REMI

Building hike reflects strong industrial market

Monday, June 1, 2015

A significant rise in buildings over the past year has placed three industrial development markets in Canada among a list of top ten in North America.

About 17.4 million square feet is now under construction in Canada, 33 per cent of which is preleased. Toronto, Calgary and Edmonton account for 75 per cent of this total industrial space.

Findings stem from a new Avison Young report, which says Canada also claims six of the lowest vacancy rates and four of the highest average asking net rental rates, with strong investor demand in quality products.

In fact, Bill Argeropoulos, principal and practice leader of research (Canada) for Avison Young, and report author, says the industrial market is outpacing the office and retail sectors despite volatile, yet localized, oil prices and a low Canadian dollar and GDP numbers.

In the office market, he says, “Pressure is building as a result of a burgeoning new supply pipeline in major markets, such as Vancouver, Calgary and Toronto.”

Meanwhile, the closure of Future Shop and Target, along with other retailers, is a main factor affecting the retail sector.

“An established and expanding distribution and logistics-driven industry and a sustained U.S. recovery will provide upside, and if a low Canadian dollar persists, it will fuel exports and boost a retooled manufacturing sector, particularly in Ontario and Quebec,” he predicts. “The only caveat: manufacturers linked to the oil and gas sector will face headwinds.”
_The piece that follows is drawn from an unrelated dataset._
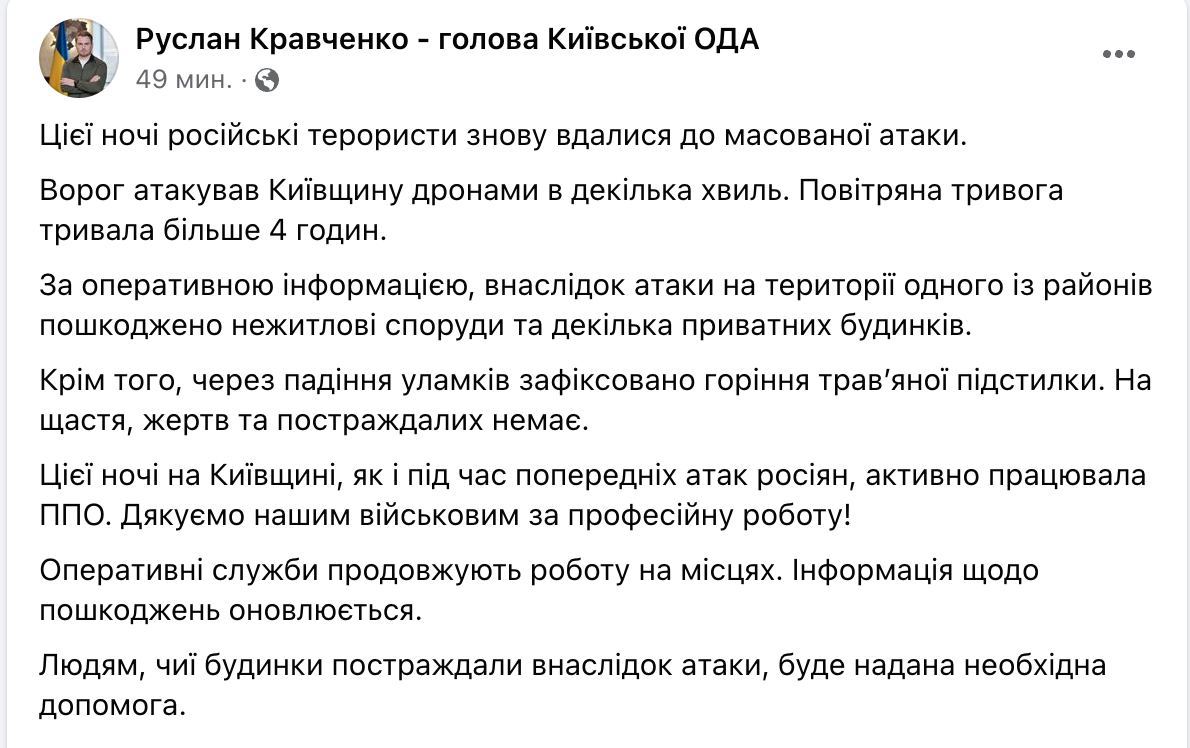 "Враг атаковал Киевщину дронами в несколько волн. Воздушная тревога продолжалась более 4 часов", - написал Кравченко.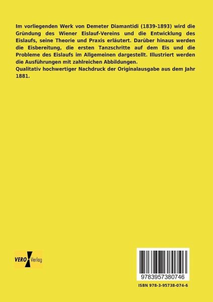 Im vorliegenden Werk von Demeter Diamantidi (1839-1893) wird die Gründung des Wiener Eislauf-Vereins und die Entwicklung des Eislaufs, seine Theorie und Praxis erläutert. Darüber hinaus werden die Eisbereitung, die ersten Tanzschritte auf dem Eis und die Probleme des Eislaufs im Allgemeinen dargestellt. Illustriert werden die Ausführungen mit zahlreichen Abbildungen.

Looking ahead, Mark Rose, chair and chief executive officer of Avison Young, notes that strong momentum in the U.S., shows good prospects for economic expansion spreading north to benefit Canada.

Overall, out of 42 industrial markets, which Avison Young tracked across North America, vacancy declined in 32 markets, increased in eight and remained the same in two during the 12 month period to the end of the first quarter of 2015.

Other notable highlights from the study states Regina recorded the lowest vacancy rate at two per cent, while Montreal had the country’s highest vacancy at 6.6 per cent.

Western markets experienced a slight increase at 4.1 per cent during the past year compared with a 4.6 per cent decrease in Eastern markets.

The average national asking net rental rate rose to $7.90 per square foot (psf), with higher rates seen in the West at $9.21 psf, compared to the East at $6.33 psf.